As originally written on Nice Little Sundays

Many of you may have already heard: Former Arkansas running back Darren McFadden ran a 4.27 40-yard-dash at the NFL Combine on Sunday. His second 40 was clocked at 4.33, so that 4.27 was no fluke.

Everyone knew that McFadden was fast, but apparently most NFL'ers didn't know he was THAT fast. Gekko and I have been marveling at McFadden's abilities for quite some time now, so his performance at the Combine won't vault him even higher in our fantasy rankings for next year...mainly because there isn't much more space left between him and the top. From a fantasy perspective, however, the only thing that may hinder McFadden is the situation in which he winds up. If he's getting most (if not all) of the carries for whatever team drafts him, then he remains the top fantasy rookie for 2008 and will be among (at least) the Top 7 RB's (overall) for 2008.

The most amazing thing revealed about McFadden at the Combine wasn't his 40 time, however. The number that we here at Nice Little Sundays were most impressed by was this one: 2.

What is 2, you ask? The number of cars that he was able to jump over (a la Joey Gathright) in a special Combine display of skill? No, sir. The number of footballs he was able to catch at the same time? Wrong.

It's the number of his kids that are on the way.

McFadden apparently used the interview portion of the Combine process to inform his prospective teams that he is soon to be a new father. Twice. (Presumably, these are not twins with the same woman, but rather two separate, unrelated kids with two different women. Well, not entirely unrelated, since they obviously both have the same fertile father...but you get my point.) Oh yeah, and he's dealing with a pesky little paternity suit. Only the wonderful Fantasy Gods could reach down from above and provide us with with power and the glory that would be a McFadden-on-Maury-Povich-paternity-show. In the event of a negative test result, we would expect Darren to have a reaction very similar to this guy's, what with the child support money that will likely be at stake given McFadden's probable Top-5-pick-mega-contract (not to mention endorsement dollars, because really, what company doesn't want a serial impregnator hawking their goods and/or services).

Maybe if he didn't have to save up for his future child support payments then D-Mac could have splurged for the REALLY big rims. I'm thinking something along the lines of an H2 body sitting on four small carnival ferris wheels. Chromed out, of course.

The best part of this news is that Travis Henry will soon have a competitor on the NFL scene that will clearly be capable of giving him a run for his money. With two kids on the way before he's even been drafted, McFadden has certainly announced his presence with authority. Give the guy some props...he doesn't have a single NFL carry, but the gauntlet has been thrown down, Mr. Henry. Although the NFL career of an average running back is fairly short, we believe that with his obvious talents, there is plenty of time for McFadden to tie, and even surpass Henry's mark. Travis has evidently been slacking off lately. Maybe his boys aren't swimming as well anymore, what with all that THC floating around in there. Nonetheless, we won't ever count out a wily veteran of the Running Back Spawn Wars like Henry. We predict a coming NFL-apocalypse as the epic struggle between Henro Runningbackus and Runningbackus McFaddenus will likely come to a climactic conclusion between 2018-2025 A.D.

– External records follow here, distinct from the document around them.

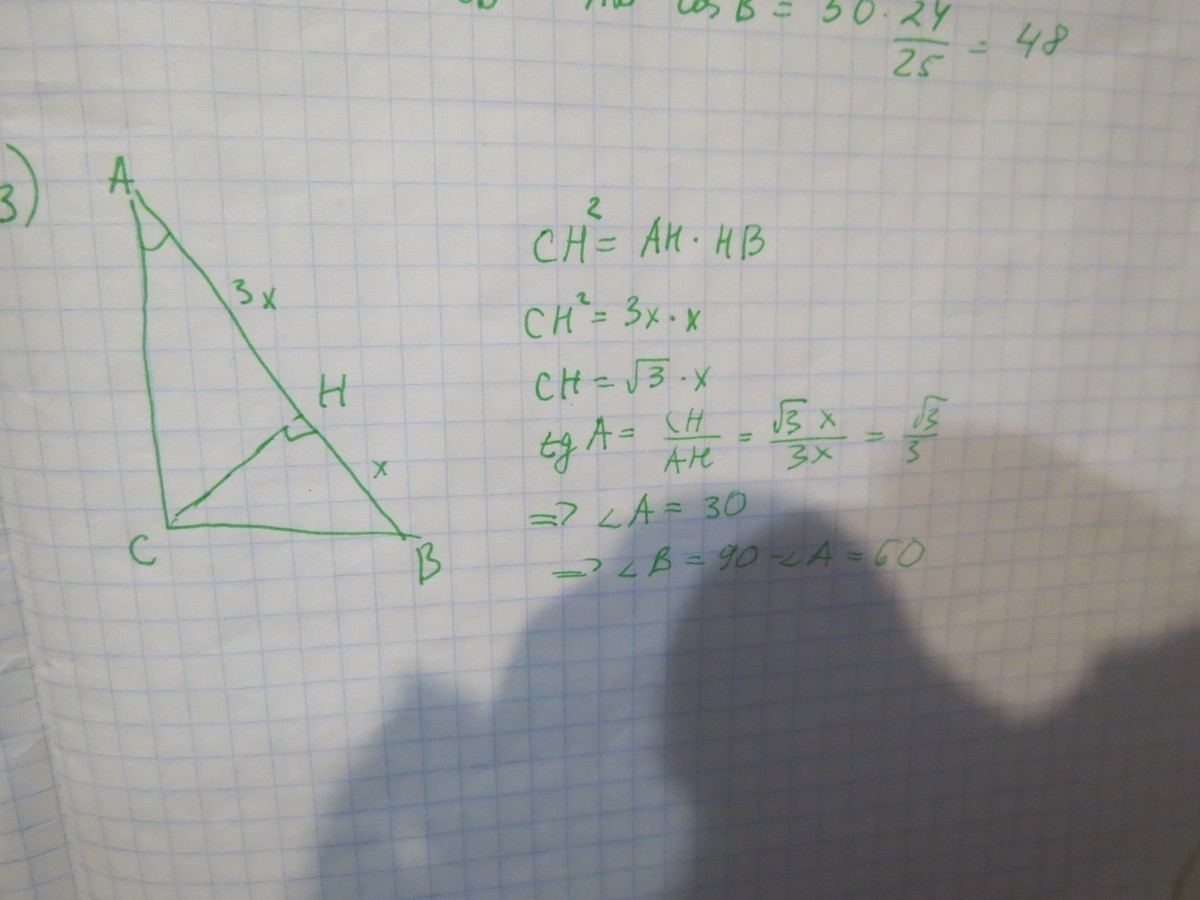Найдите острые углы прямоугольного треугольника,если проекций катетов на гипотенузе относятся как 3:1.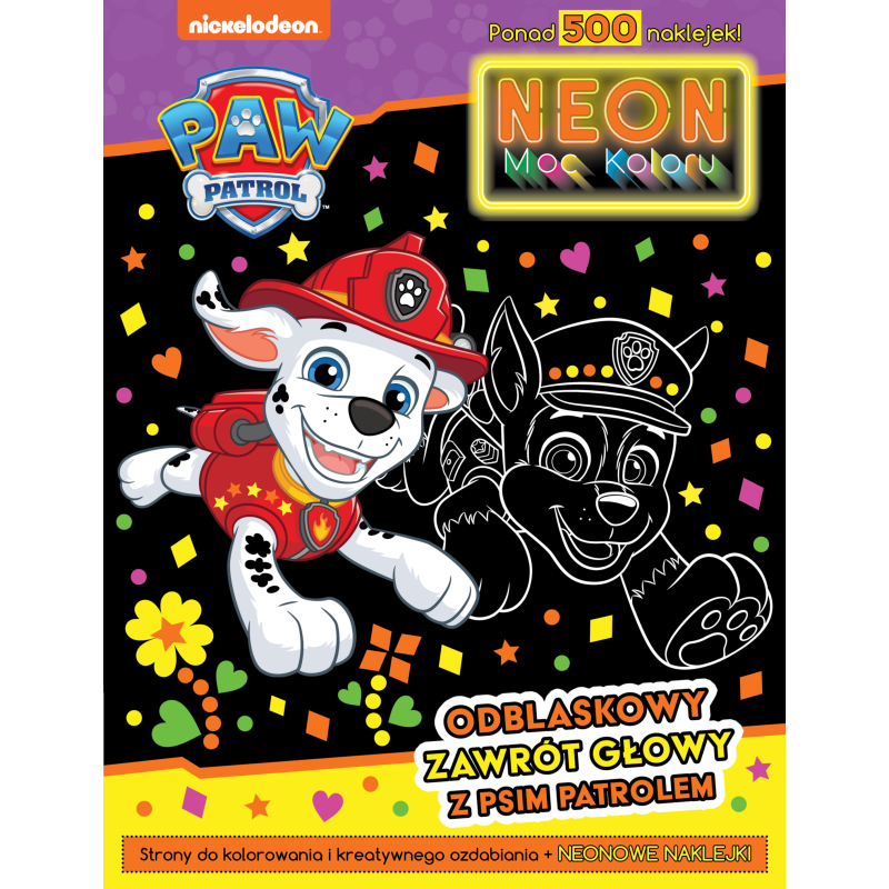 Psi Patrol. Neon Moc Koloru to książka z obrazkami oraz ponad 500 neonowymi naklejkami. W środku dziecko znajdzie strony z obrazkami do kolorowania oraz kreatywnego ozdabiania, dzięki czemu może tworzyć wyjątkowe prace. Każda strona to nowa przygoda z dzielnymi pieskami z Psiego Patrolu, a kolorowanie ulubionych bohaterów i wyklejanie stron neonowymi naklejkami to świetna zabawa.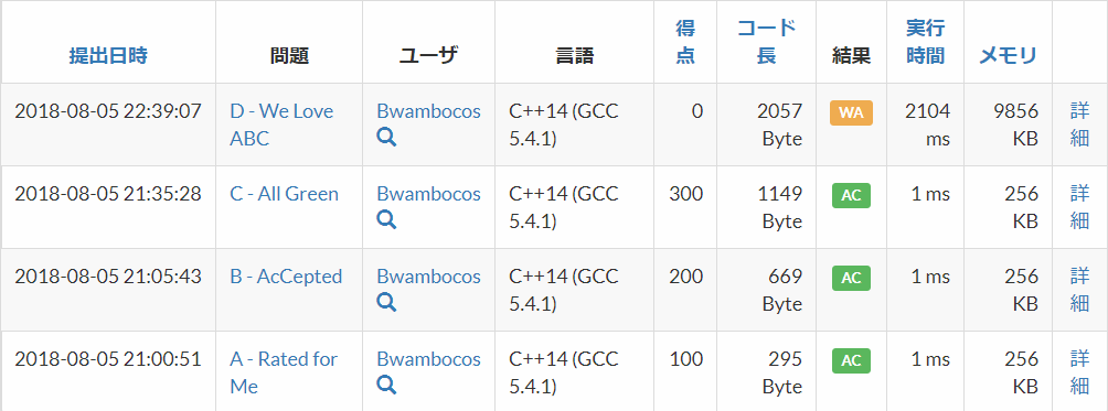 A, B, C の3完、2078 位中 249 位、パフォーマンス ...。目標であった全完を達成できなかった。C 問題で解法を考えるまでに時間をかけすぎてしまった。

As an aside, is it really that hard for these multi-millionaire (or soon-to-be multi-millionaire) athletes to use a little foresight and discipline in taking control of their own birth control methods? I understand and fully sympathize with these guys in that The Gine is being flung at them with complete abandon by any Jock Sniffer that can get within 10 yards of them. However, these guys have to know that and be prepared for it, too. To me, it would be very difficult to trust these sorts of women, even if they profess to be employing the Pill, an IUD, the sponge, a diapraghm, spermicidal jelly, having their tubes tied, and even volunteering to be on top (because that alone makes it impossible, right?). If you are in McFadden's position, you have to EXPECT that the "goalie will be pulled" in each and every instance, and therefore plan accordingly. Although it may have a different meaning in this context, please heed Dave Chappelle's words and "WRAP IT UP, YO!!"